Syphilis is typically considered in the differential diagnosis of genital ulcers, generalized lymphadenopathy and a variety of mucocutaneous manifestations, especially in high-risk subjects. Most reviews note skin involvement in approximately 90% of cases[1] and abnormal liver enzyme concentrations in approximately 10%. Rarely, clinical hepatitis usually with cutaneous manifestation has also been described.[234] Many cases of syphilitic hepatitis have also been reported in HIV infected patients.[5] In Syphilitic hepatitis there is usually disproportionate elevation of the alkaline phosphatase levels.[467] Elevation in alkaline phosphatase is likely due to pericholangiolar inflammation.[5] Cases may also present with elevated AST and ALT levels.[24] Treatment for syphilis results in rapid resolution of biochemical abnormalities.[5678]

Our patient presented with signs and symptoms of hepatitis with abnormal liver function tests and prominent elevation in alkaline phosphatase levels.

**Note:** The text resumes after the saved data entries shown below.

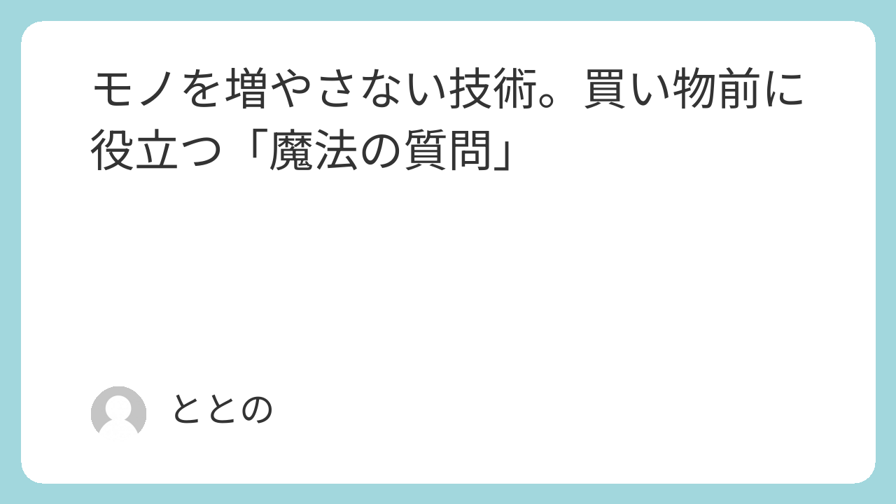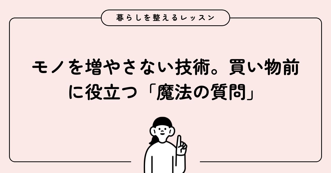 今回は、モノを増やさないための技術として、買い物前の「魔法の質問」と、衝動買いを防ぐ具体的なアクションをご紹介しました。
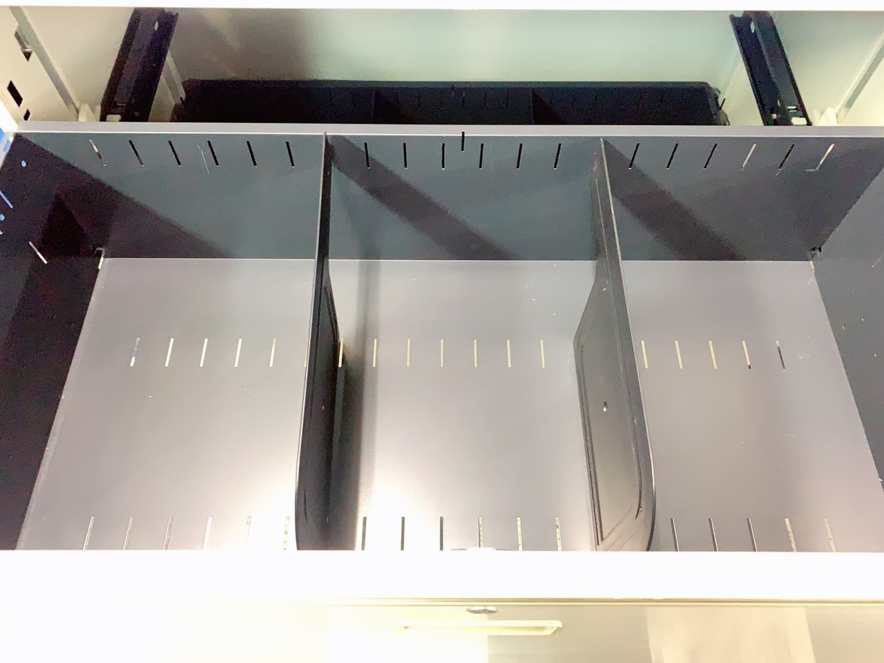 引出の開き幅が広いと奥まで中身が見渡せ、整頓や業務短縮、業務効率化に役立ちます。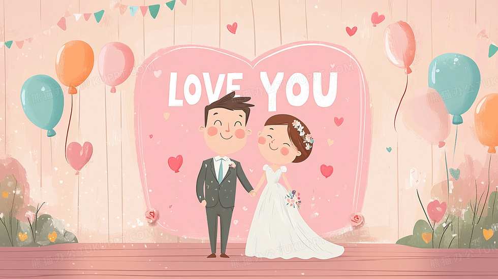 本作品内容为粉色浪漫婚礼新郎新娘结婚插画, 格式为 jpg, 大小2 MB, 图片尺寸为2912 x 1632, 源文件无水印, 欢迎使用熊猫办公。 如认为平台内容涉嫌侵权,可通过邮件:tousu@tukuppt.com提出书面通知,我们将及时处理。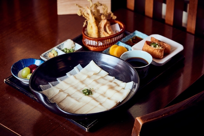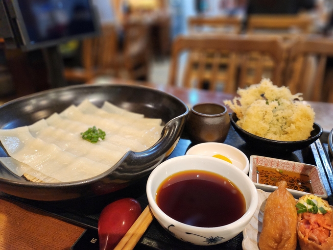 또한 ‘히노야마 우동정식’에는 유부초밥과 계란찜, 고구마, 팽이버섯, 단호박, 깻잎 등 방금 막 튀겨낸 바삭한 튀김이 함께 구성되어 있어 푸짐한 우동 한상을 즐길 수 있다.

An initial diagnosis of alcohol or a non-hepatotropic virus causing hepatitis was made. The diagnosis of alcoholic hepatitis was erroneously made since patient was known alcoholic and viral markers for hepatitis were negative. However, the diagnosis of secondary syphilis with syphilitic hepatitis was confirmed when later he presented with typical mucocutaneous manifestations of secondary syphilis, high titres of VDRL, positive TPHA, no evidence of fatty changes in liver in ultrasound abdomen, PET scan showing hepatomegaly with multiple lymphadenopathy and liver biopsy suggestive of syphilitic hepatitis. Implication of syphilis as a cause of hepatitis was based on the characteristic liver enzyme pattern, with more prominent elevation in the alkaline phosphatase level, negative serology for hepatotropic viruses and the rapid resolution of symptoms and biochemical abnormalities with therapy.

The purpose of reporting this case is to present an uncommon manifestation of secondary syphilis in the form of hepatitis, its good response to conventional treatment with Benzathine Penicillin and to keep it as a differential diagnosis in young sexually active patients.

What is new?

The diagnosis of hepatitis of undetermined aetiology several weeks preceding the recognition of syphilis, as in our patient, is unusual. Itching can be present in secondary syphilis, however, intense itching described by our patient as “nightmare” is unknown.